Auxilio…una de las cosas más difíciles de pedir y más necesarias. ¿Por qué al ser humano le cuesta tanto pedir ayuda a los demás? Quizá porque se siente débil e incapaz si lo hace, porque lo asimila a reconocer que no puede levantarse contra los problemas que le depara la vida, y eso le hace sentir avergonzado y cobarde. Así me pasaba a mí, al menos al principio. Me recuerdo defendiendo ante mi madre la idea de que no quería embarcarme en un tratamiento, a pesar de ser plenamente consciente de lo mucho que lo necesitaba: “no, no, ésta es mi vida nueva y no quiero que nada la estropee, y eso, sin duda, la va a estropear”. Cuán equivocada estaba.
Efectivamente, comenzaba una etapa lejos de mi familia, en una nueva ciudad (que, por otra parte, me tiene enamorada): si lo pienso ahora, ¿qué mejor momento para hacer “borrón y cuenta nueva”? De todas formas, mis pensamientos andaban por derroteros muy diferentes en aquel entonces, así que hice caso omiso y me lancé a la aventura. Y, claro, no pude deshacerme del equipaje. Cada rincón que descubría, cada persona que me intrigaba, cada cosa nueva que aprendía la veía tras un incómodo velo que yo misma había decidido no quitar. ¿Por qué? ¿Porque me duele pensar que he terminado aquí? Más me duele lo otro, mucho más.

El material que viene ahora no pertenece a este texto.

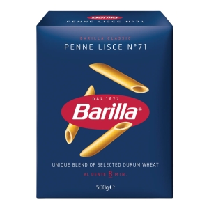 Makaron Penne Lisce n°71 od Barilli to ukośnie ścięte rurki bez rowkowania, które wyróżniają się gładką, delikatną powierzchnią. To wariant klasycznego kształtu, który lepiej podkreśla lekkość sosów i kremowych kompozycji. Idealny do dań, gdzie liczy się subtelna tekstura i płynna, jedwabista konsystencja.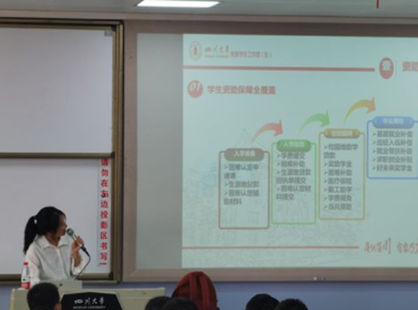 邀请学工部学生资助中心卢婕老师为2020级新生做资助政策宣讲。活动在江安第一教学C座407进行,2020级本科生以及新生辅导员参加活动。

Quien se declara en huelga se abstiene de realizar determinadas actividades y conductas que normalmente realiza. Esto es, protesta contra aquello que considera que es injusto para su persona, y que le impide desarrollarse. Siempre me ha dado fuerza pensar que eso fue lo que hice yo: quejarme, quejarme de la parte de mí misma que me hacía la vida imposible. Al principio el impulso vino de mi madre, pero también de la que en la época era una de mis mejores amigas. Empecé a plantearme que mi trastorno era injusto, me imponía unas condiciones bajo las cuales no quería vivir, que me hacían infeliz… Y yo sola no podía con él, porque se alojaba dentro de mí. ¿Cómo se declara uno en huelga de sí mismo? Bien, necesita algo que le guíe, que le recuerde qué cosas propias son valiosas y dignas de conservar, y cuáles no le pertenecen y deben ser desterradas. En definitiva, necesita ayuda. Eso, en esencia (y cómo no, muy resumidamente) es lo que el tratamiento significa.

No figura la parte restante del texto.